Okay. Rant over. For now.

(And if you’re trying to justify spending less money now that organic food “isn’t healthy,” please at least consider investing in grass-fed/pastured/non-antibiotic-fed meats and at least buying organic produce when you’re planning to eat the skin or leaves. Save on things like bananas, since you’re not going to eat the peel anyway…)

Time Magazine, September 2011,

I’ve had it with the “What to Eat” articles…

- K.

P.S. This has to be the best quote I’ve yet read by others who are just as p.o.’d about this issue as I am: “Avocados don’t contain any more fairy dust than Cheetos, therefore: Avocados aren’t any healthier than Cheetos!” (Looks like I’m going to have an excuse to go back to eating Cheetos…gotta get my RDA of fairy dust after all! *Blech*)

*Okay, isn’t healthier than conventional food. But that then leads us to make the fallacious jump to the next conclusion: well, if it’s not healthier than conventional food, it’s not healthy at all. In fact, I can already hear the cable news channel teasers: “New study shows that organic food isn’t as healthy as they want us to believe. Have we been wasting our money–and our health? We investigate at 11.”

**And before I write this, please understand that I’m not choosing this topic to be inflammatory; I’m choosing it because it’s a recent example of what I’m talking about. No hate mail/comments, please: A prime example is that tragedy of Michael Clarke Duncan, who died at age 54 from a heart attack. He had become a vegetarian recently, so of course there are already people on both camps (diehard veg*ns and Paleo people) ready to point fingers.

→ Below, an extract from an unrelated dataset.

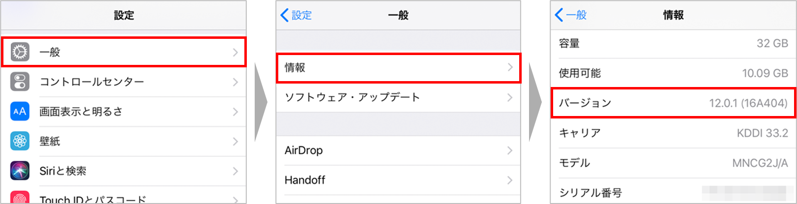ホーム画面「設定」>「一般」>「情報」でバージョンを確認

I’ve already seen one comment stating that he “probably wasn’t a vegetarian long enough” to prevent his past dietary discretions from building up and killing him…but I’m of the belief (and I’ll get to why once I finish my story) that being a vegetarian certainly didn’t help him–especially if he was avoiding saturated fats, meats, and other healthful food (yes, it is healthy; no I don’t want to fight about it) and instead consuming grains, legumes, and soy (no, they’re not healthy; no, I still don’t want to fight about it). I don’t know what his diet was like before becoming a vegetarian, so I don’t know if it’s the pre- or post-diet that was to blame, but either way, neither the Standard American Diet nor a Standard American Vegetarian Diet+ is good for your health. IMHO.

+Standard American Vegetarian Diet: high carb/low fat, fake meat, processed food, grains (looks a lot like the Standard American Diet, but with less McDonalds and more Tofurky.)